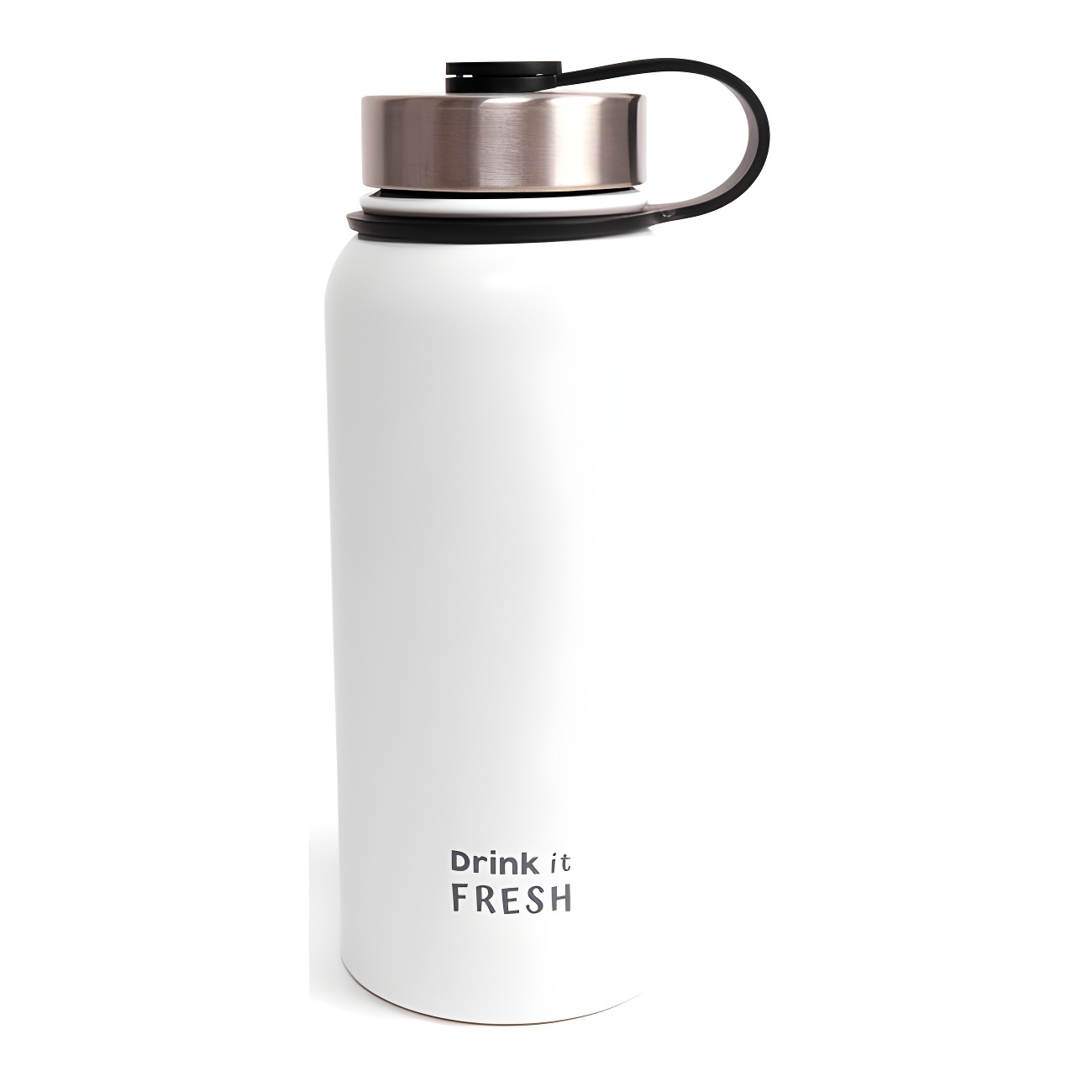 • Bouchon à vis attaché à la bouteille par une sangle en plastique
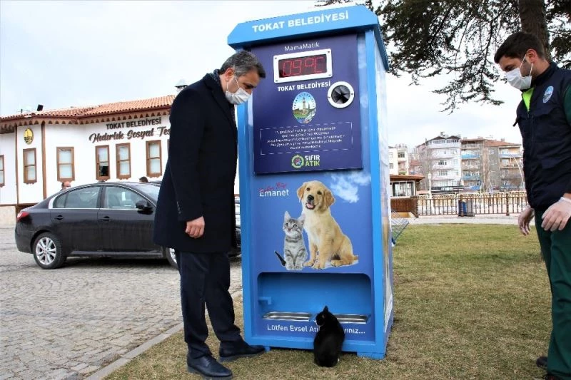 Tokat Belediyesi Veteriner İşleri Müdürlüğü sokakta yaşamını sürdüren kedi ve köpeklerin rahat bir şekilde mama ve su ihtiyaçlarını giderebilmeleri için şehrin farklı noktalarına "Mamamatik" cihazları yerleştirdi. Plastik ve cam içecek ambalajlarının giriş haznesine yerleştirilmesi ile işleyen mamamatik ile hem geri dönüşüme katkı sağlanıyor, hem de sokak hayvanları besleniyor. Tokat Belediye Başkanı Eyüp Eroğlu, hayvan dostu Tokat’ta yeni bir çalışmayı gerçekleştirmenin sevincini yaşadıklarını belirterek, “Bu geri dönüşüm sayesinde; kedilerimizin, köpeklerimizin mama ihtiyaçlarını gidermiş oluyoruz. Yapılması gereken şey çok basit, bir içecek içtiğimizde boş şişesini; mamamatiğimize atıyoruz ve yem haznesine mama dökülmesini sağlıyoruz. Ayrı zamanda da, su haznesinden su takviyesi de yapabiliyoruz. Sonuçta, sokaktaki kedilerimiz, köpeklerimiz buradan istifade etmiş oluyor. Köpekler, kediler ve tüm hayvanlar; Allah’ın bize emaneti. Onlar, bizim dostlarımız. Bu noktada bize düşen görev de her zaman onlara sahip çıkmak ve onlara her türlü imkanı sağlamaktır. Biz Tokat Belediyesi olarak kurumsal bir şekilde bunu çok önemsiyoruz. Her zaman, sokaktaki canlarımızın dostuyuz ve yanlarındayız. Gerek barınak içinde, gerek barınak dışında veya siz değerli vatandaşlarımızdan gelen talepler doğrultusunda; her türlü tedavilerini, bakımlarını, iaşelerini ve beslenmelerini de ayrıca önemsiyoruz” dedi.
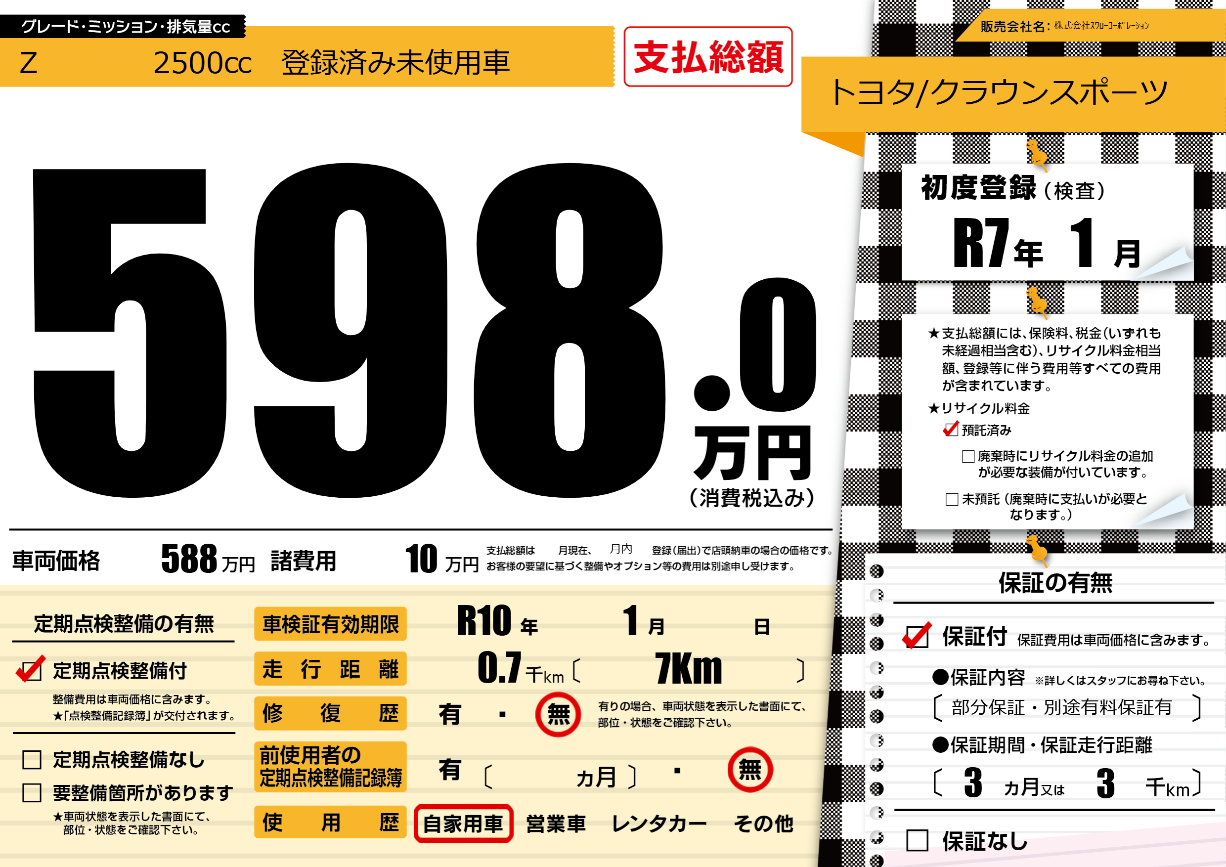 Z 2500㏄ 登録済み未使用車 |
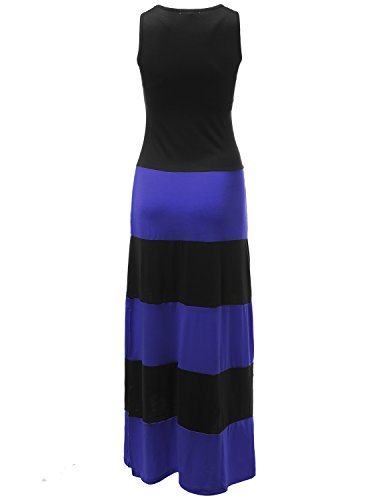 Awesome21 Stripe Colorblock Sleeveless Tank Maxi Dresses Royal Blue Size XL
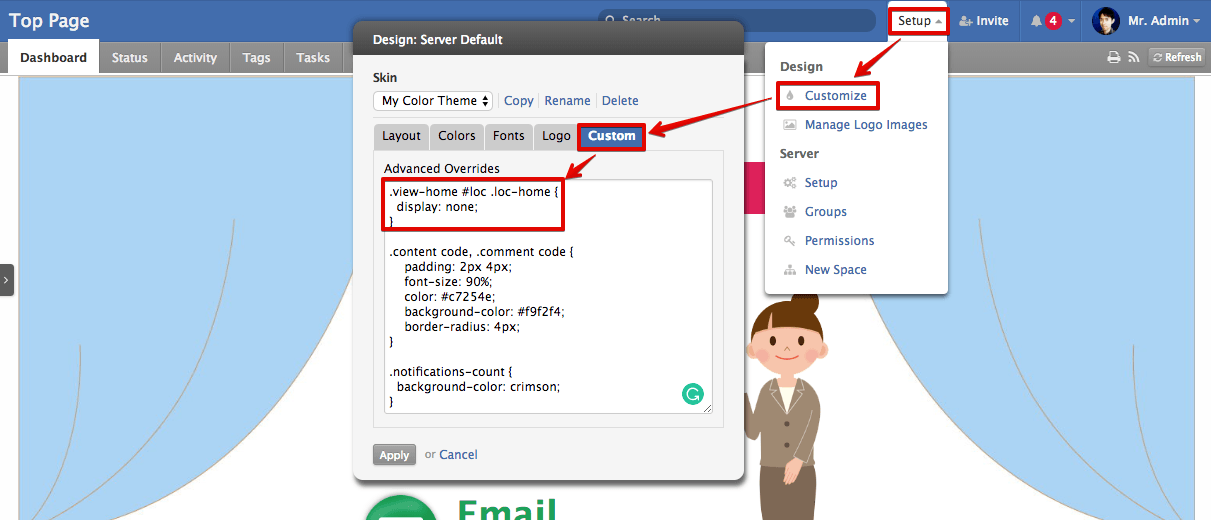 The "Setup" menu shows up only when a user logs in to TeamPage as an administrator. Since clients who post inquiries are not administrators, this menu will not be displayed. Therefore, customization is unnecessary.
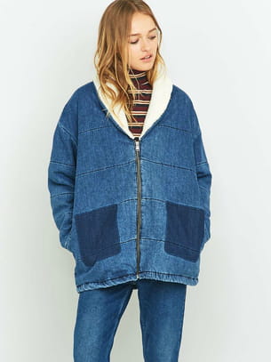 Veste large zippée en jean avec col et intérieur en fausse fourrure de BDG sur Urban Outfitters
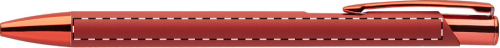 Penna a sfera in alluminio riciclato con corpo gommato, parti colorate con finitura metallica lucida e refill blu. Lo speciale rivestimento permette l'incisione a specchio in colore coordinato delle parti metalliche.
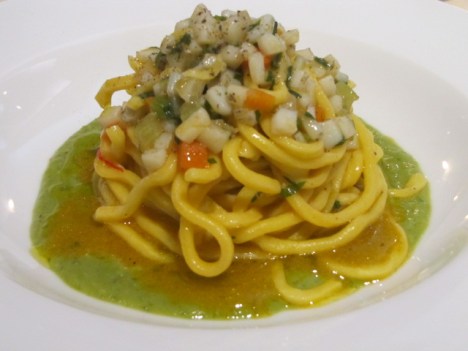 Finchè arriviamo al piatto che Peppe ha espressamente preparato su nostra richiesta e che non ha deluso le aspettative, il Chitarrone con ragout di seppia su macco di favuzze, piselli e finocchietto. Parlo di “espressamente” perchè il chitarrone era ” fresco d’impasto”!! Inoltre, perfetto matrimonio fra seppia e legumi (soprattutto perchè di stagione), e una lode alla leggerezza del ragù !
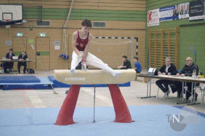 TVE-Turner Silas Drosin beim Wanderspreizen am Pferd.Foto: TVE
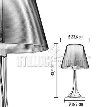 Flos Miss K T lampada da tavolo, Philippe Starck designer. Materiali: corpo in PMMA (polimetacrilato) completamente trasparente stampato ad iniezione con diffusore interno in policarbonato opalino stampato ad iniezione, diffusore esterno in policarbonato trasparente alluminato nero o argento. Regolatore d’intensità istallato sul cavo di alimentazione. Eleganza e raffinatezza rappresentano questa bellissima lampada da tavolo dalla luce diffusa, creata per Flos da Philippe Starck nel 2003. Codice prodotto: F6255000 argento – F6255030 nero.
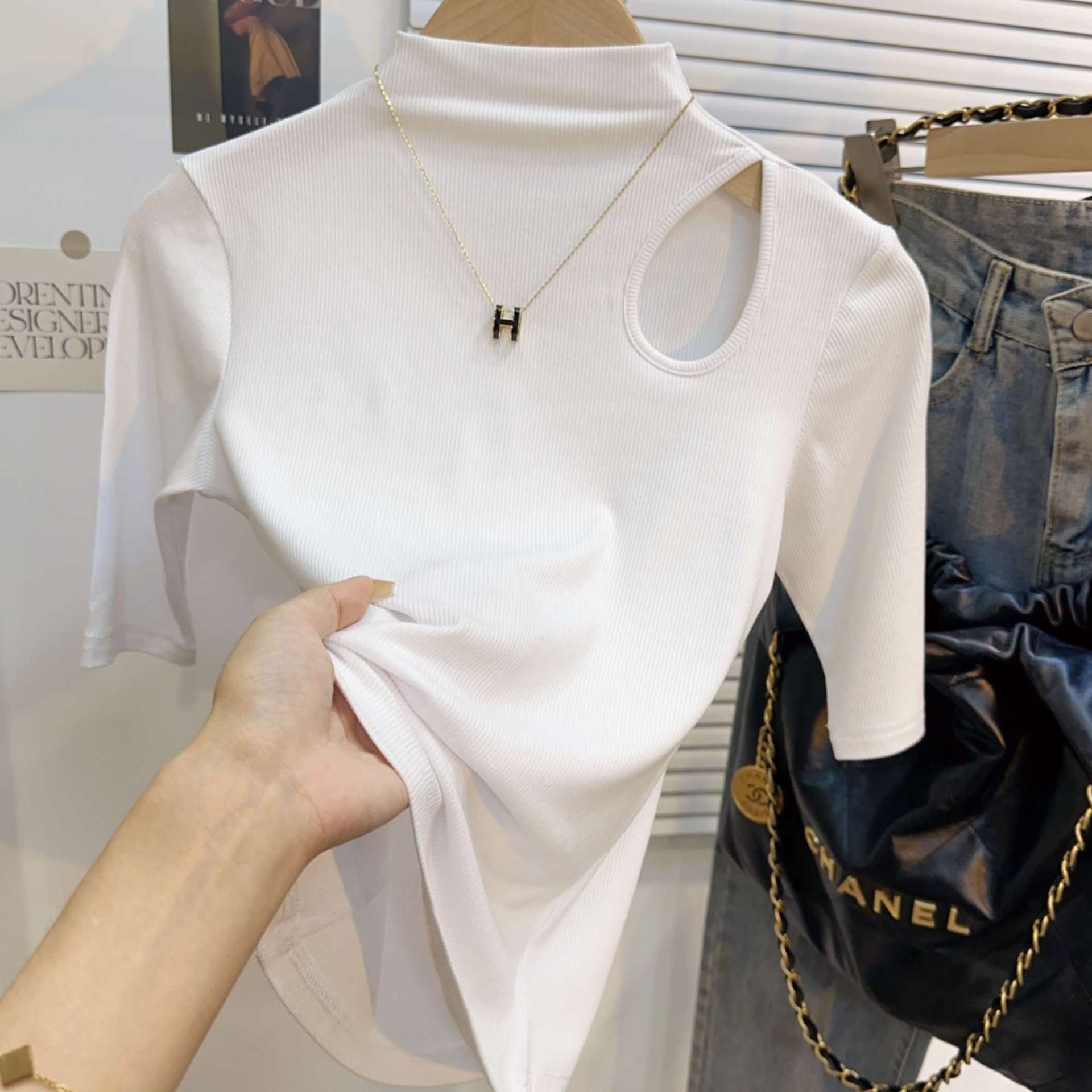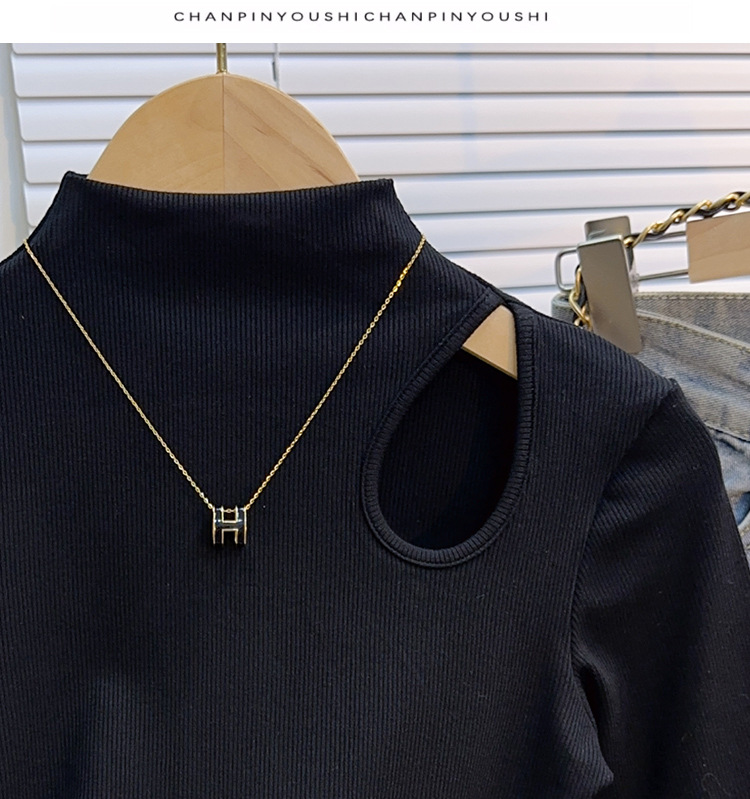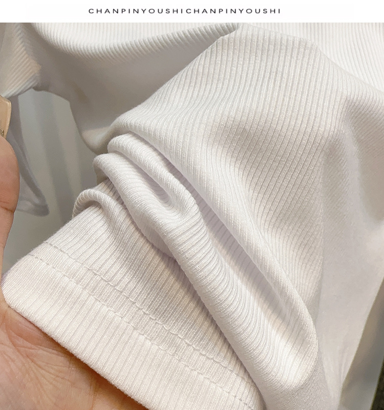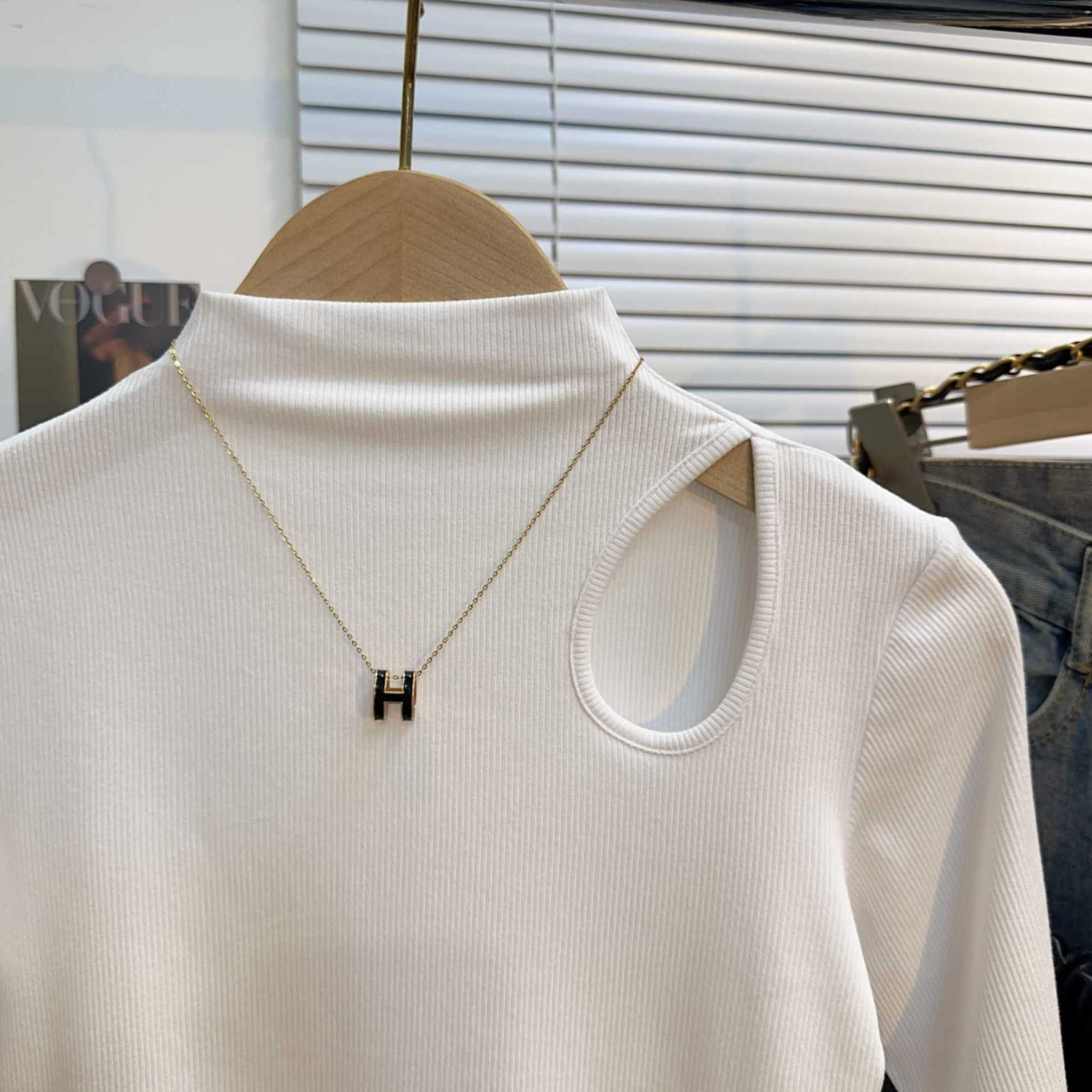 White threaded medium-sleeved t-shirt semi-turtleneck bottoming shirt women's spring, autumn and winter 2025 new five-quarter-sleeved hollow top

- _About this task_
Look above for the line containing "Penna a sfera", then write out every line from there down to the line containing "TVE-Turner Silas Drosin", that line included, with no pictures.

- _Output for this task_
 Penna a sfera in alluminio riciclato con corpo gommato, parti colorate con finitura metallica lucida e refill blu. Lo speciale rivestimento permette l'incisione a specchio in colore coordinato delle parti metalliche.
 Finchè arriviamo al piatto che Peppe ha espressamente preparato su nostra richiesta e che non ha deluso le aspettative, il Chitarrone con ragout di seppia su macco di favuzze, piselli e finocchietto. Parlo di “espressamente” perchè il chitarrone era ” fresco d’impasto”!! Inoltre, perfetto matrimonio fra seppia e legumi (soprattutto perchè di stagione), e una lode alla leggerezza del ragù !
 TVE-Turner Silas Drosin beim Wanderspreizen am Pferd.Foto: TVE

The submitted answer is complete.